Whither the Kingdom?
Undoubtedly, the perennial (and only?) issue of humanity is the issue of the kingdom.
We can imagine a much, much, much better world than the one we currently inhabit. We can imagine a world without poverty, without sickness, a world of kindness and helpfulness, a world of riches, a world of plenty, a world of healing, a world of paradise.
In short, we can all quite well imagine, in our best moments, the kingdom of heaven.

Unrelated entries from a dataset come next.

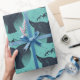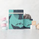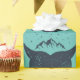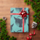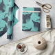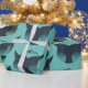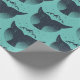 Gift wrap with a badge style graphic pattern features whale tail silhouette with mountain outline on light aqua background
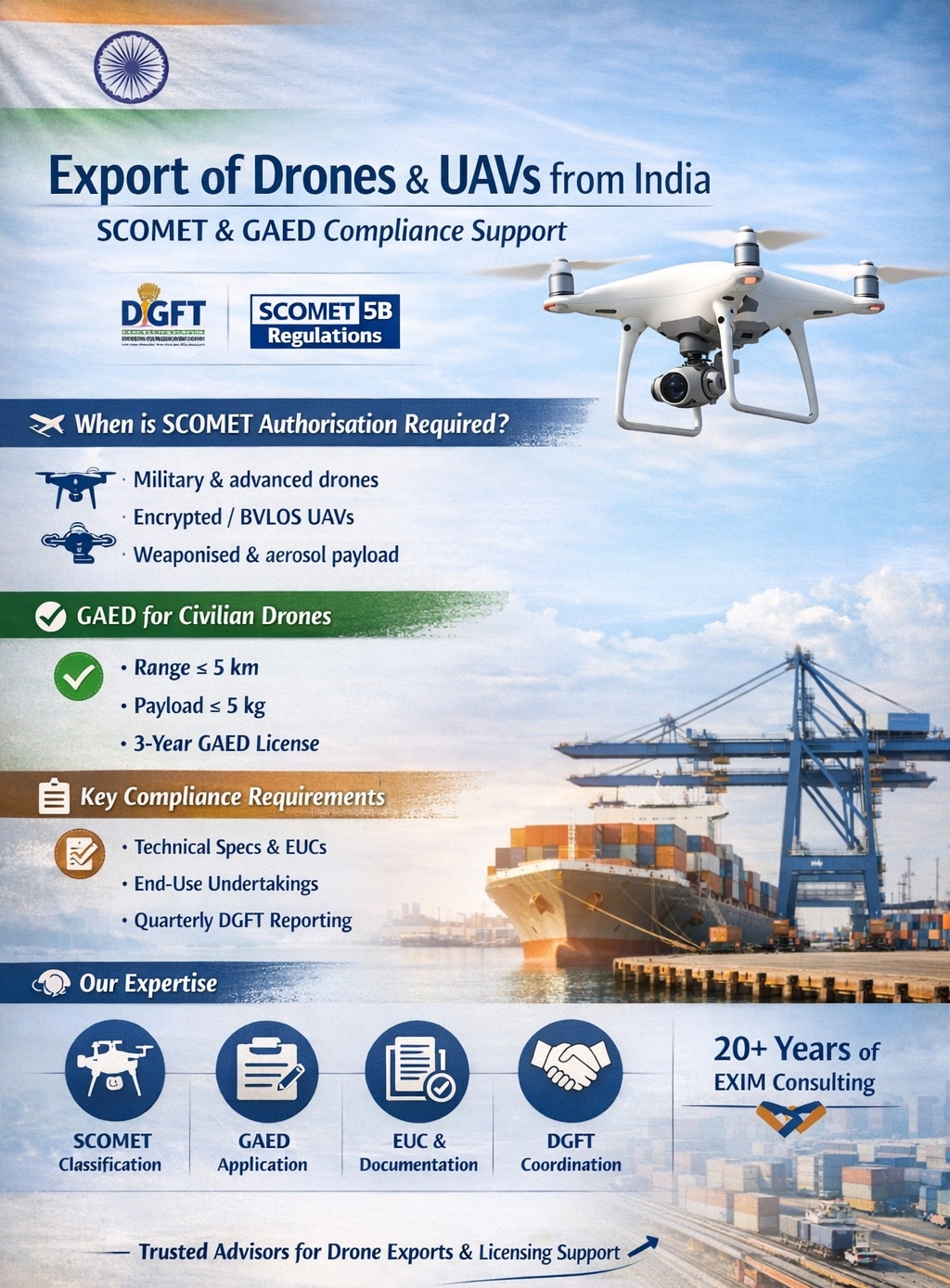 India has established itself as a significant manufacturing and innovation hub for drones and unmanned aerial vehicles (UAVs), catering to civil, commercial, industrial, agricultural, surveillance, mapping and logistics applications. With increasing global demand Indian manufacturers and exporters are actively exploring international markets. However, the export of drones from India is not a free export. It is governed by a strict regulatory framework under the Foreign Trade Policy (FTP), SCOMET regulations and national security considerations administered by the Directorate General of Foreign Trade (DGFT) in coordination with other security and technical agencies. Failure to comply with SCOMET or GAED requirements can result in export prohibition, seizure of goods, penalties, suspension of IEC and prosecution under the Foreign Trade (Development and Regulation) Act. Therefore, a clear understanding of export controls classification licensing requirements and post-export obligations is essential for any exporter dealing in drones UAVs or related technologies. This note provides a comprehensive overview of drone export regulations from India, focusing on SCOMET Category 5B, General Authorisation for Export of Drones (GAED) compliance obligations documentation and best practices.
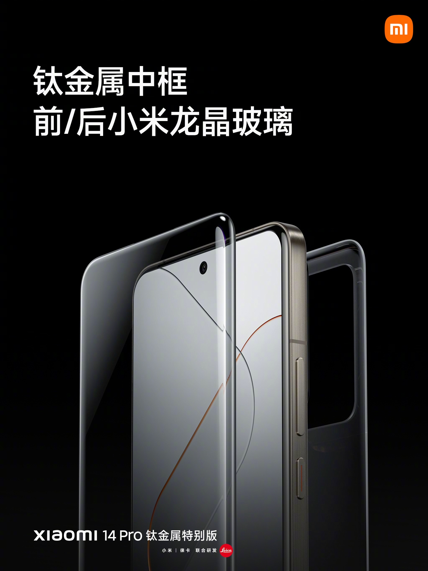 Блок камеры украшен оранжевым акцентом, который сразу же даёт понять, что это титановая версия. Передняя и задняя панели Mi Pro Titanium Special Edition покрыты стеклом Xiaomi Dragon Crystal, которое намного прочнее и твёрже обычного стекла. Устойчивость к падению увеличена в 10 раз, устойчивость к царапинам повышена в 1,32 раза. Тесты показали, что оно прочнее, чем стёкла iPhone 15 и всех конкурентов.
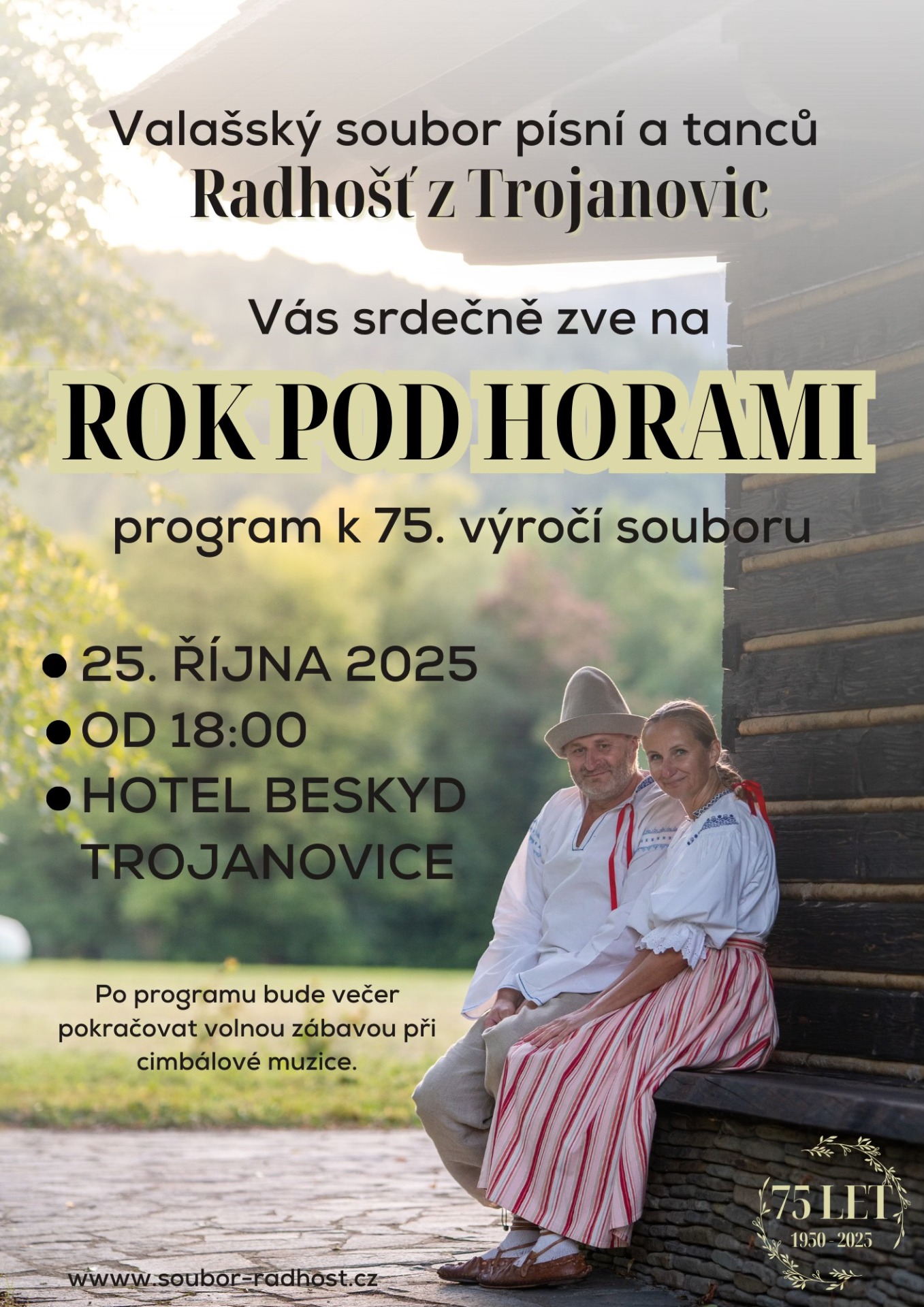 V sobotu 25. října jsme společně oslavili krásných 75 let našeho souboru Na jevišti jsme představili program Rok pod horami – příběh o tom, jak se dřív na Valašsku žilo, jak se střídala roční období a s nimi i práce, radosti a tradice našich předků.Děkujeme všem divákům a hostům, kteří s námi přišli tento významný milník oslavit. Dvě hodiny jste s námi seděli, ani nedutali, a nakonec nás odměnili potleskem, který nám ještě dlouho zní v uších.

[I pause here to note that I’m currently reading Sarah Ruden’s translation of The Gospels, which I cannot recommend too highly. She notes that the ancient world did not have a conception of “religious” words like “heaven” being a separate category of words from their everyday language. Since the ancients construed of heaven as a place physically located up in the sky — as discussed in my last post — and the Greek word often translated as “heaven,” “ouranois” means both the sky in the physical sense and in the metaphysical sense — she translates the phrase “kingdom of heaven” as “kingdom of the skies.” There is a lot here to unpack which I won’t get into here, but I will continue to use the phrase “kingdom of heaven” until have the opportunity to better explicate my thoughts on the “kingdom of the sky/skies.”]
But where is this heaven and how do we get there?
We have to reeducate ourselves, and I will do it rather poorly here, on the idea of “heaven” as an afterlife — the place where we go to after we die in these mortal bodies, to sit on clouds and play harps — with the idea of the kingdom of heaven that Jesus talks about in the Gospels. I will attempt to unpack it further another time, but it is very clear that Jesus speaks about heaven, hell, and apocalypse as realities for this world — the one that we now inhabit in our physical bodies.
So, we need to set aside the idea that life is some sort of Inception-like plot where we can just jump off buildings to awaken to the higher reality, one of which might be “heaven” and that this might be a reasonable methodology by which we could “get” to heaven. Notions like these are entirely Gnostic and antithetical to the created world.
If the created world and the supernatural notions of “the last things,” are bound up together in one concept, then how can we avoid hell and attain this lovely kingdom of heaven?
The answer seems to lie right in the passage of Peter’s profession of faith in Matthew Chapter 16.
Peter, as I discussed in my previous post, professes the innocence of the victim. He rejects the sacrificial system at Caesarea Philippi, the dead culture and harmonized relations with the world built on the sacrifice of the innocent. Instead, he looks at the future innocent victim before him, and professes him as the anointed one. In response, Jesus says:
“And I tell you that you are Peter, and on this rock I will build My church, and the gates of Hades will not prevail against it. I will give you the keys of the kingdom of heaven.” [Matthew 16: 18-19]
As I emphasized in my last post, it is the profession of the innocent victim which inverts the pagan order of sacrifice. It is upon this profession that we can be given the keys to the kingdom of heaven.
Jesus does not here emphasize the kingdom of heaven as some distant reality awaiting Peter after death. Instead, he acknowledges our own reality — that we are, all the time, banging on the door of heaven like loud, brash drunkards, trying to get there by any means that we can. Sex, drugs, alcohol, food, rivalry, Instagram, money, fast cars, football, yachts, guns, war, screaming, yelling, clawing, fighting. We cannot deny that we all crave something better than what we currently have. We acknowledge that there is a place of happiness and peace in which we’d desperately like to abide, but no one really seems to have come up with a good solution on how to get there.
But what if it was this simple?
What if that was all it took — professing the innocent victim, overturning the old violent sacrificial order in favor of mercy and non-rivalry?
What if that was the key that opens the door to the kingdom of heaven?